Миссис Гаррис и священник отнесли безымянное письмо к такого рода проделкам. Мисс Бетти, впрочем, держалась иного мнения и посоветовала бедной Амелии обратиться к офицеру, прибывшему в Англию по распоряжению губернатора Гибралтара на том же самом судне, что и почта; последний столь недвусмысленно подтвердил известие о моей болезни, что Амелия решила немедленно отправиться в путь.
Мне чрезвычайно хотелось дознаться, кем было написано это письмо, но все мои попытки прояснить дело оказались тщетными. Единственным в какой-то мере близким мне человеком был капитан Джеймс, но его, сударыня, как вы можете заключить из моего рассказа, я менее всего мог бы заподозрить; к тому же он клялся мне честью, что ему ничего об этом неизвестно, а едва ли еще кто-нибудь на свете так свято берег свою честь.

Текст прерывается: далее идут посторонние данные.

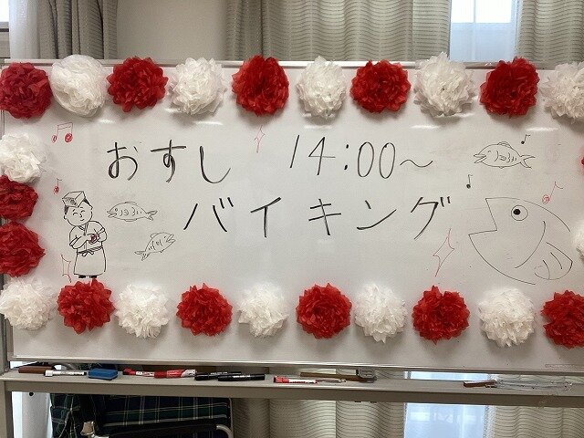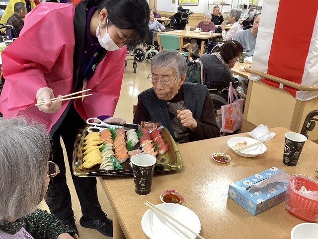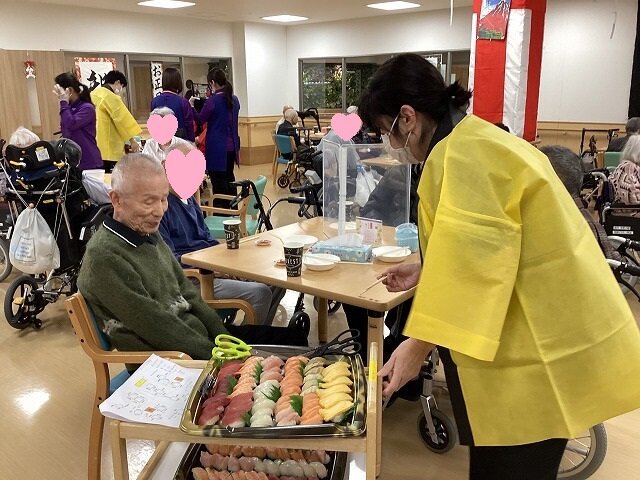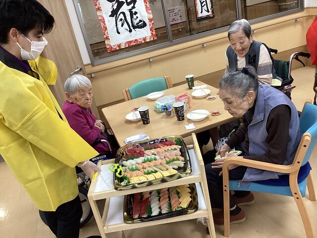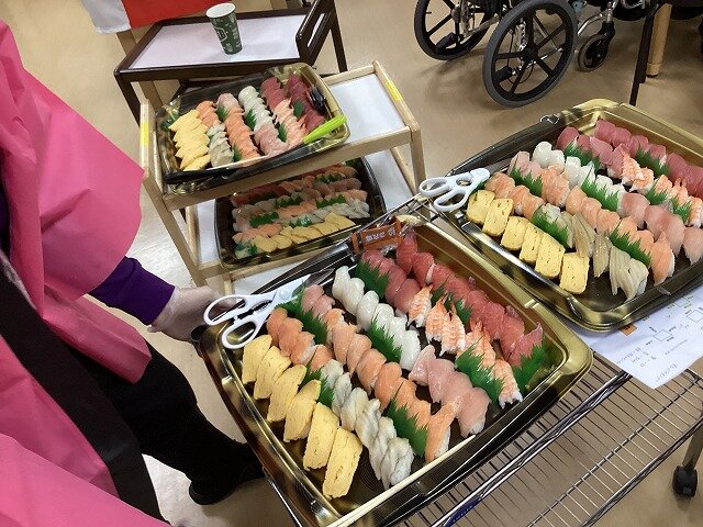 職員がす〇ざんまいポーズを決めたところでお寿司パーティ開始です!(^O^)/

С моей женой, правда, был знаком прапорщик другого полка, навещавший меня иногда во время моей болезни, но очень уж было непохоже, чтобы он интересовался сторонними обстоятельствами, да он и сам утверждал, что ни малейшего понятия об этом не имеет.
– И вам так и не удалось раскрыть эту тайну? – воскликнула мисс Мэтьюз.
– Да, для меня это и по сей день остается загадкой.
– А мне сдается, – сказала она, – что я могла бы подсказать вам ответ, близкий к истине. Не вероятнее ли всего, что, когда вы уезжали, миссис Бут велела своему молочному брату извещать ее обо всем, что с вами приключится? Ах, нет, постойте… это объяснение тоже не годится: ведь она в таком случае не стала бы сомневаться, следует ли ей покинуть родную Англию сразу же по получении письма. Нет, должно быть, его написал кто-то другой; и все же моя догадка кажется мне чрезвычайно правдоподобной, потому что если бы от меня уезжал такой муж, как вы, то я, мне думается, непременно прибегла бы к такому средству.
– Нет, сударыня, это без сомнения, чьих-то других рук дело, потому как моя Амелия, я уверен, совершенно не подозревала, кто это написал, а что касается бедняги Аткинсона, то он, по моему глубокому убеждению, никогда бы не отважился на такой шаг без моего ведома. Кроме того, бедняга так почитал мою жену за те благодеяния, которые она оказывала его матери, что, вне всякого сомнения, был до чрезвычайности рад отсутствию Амелии в столь плачевное для меня время. В конце концов не так уж существенно, кто был автором письма, но я все же не мог обойти молчанием столь странное и необъяснимое происшествие.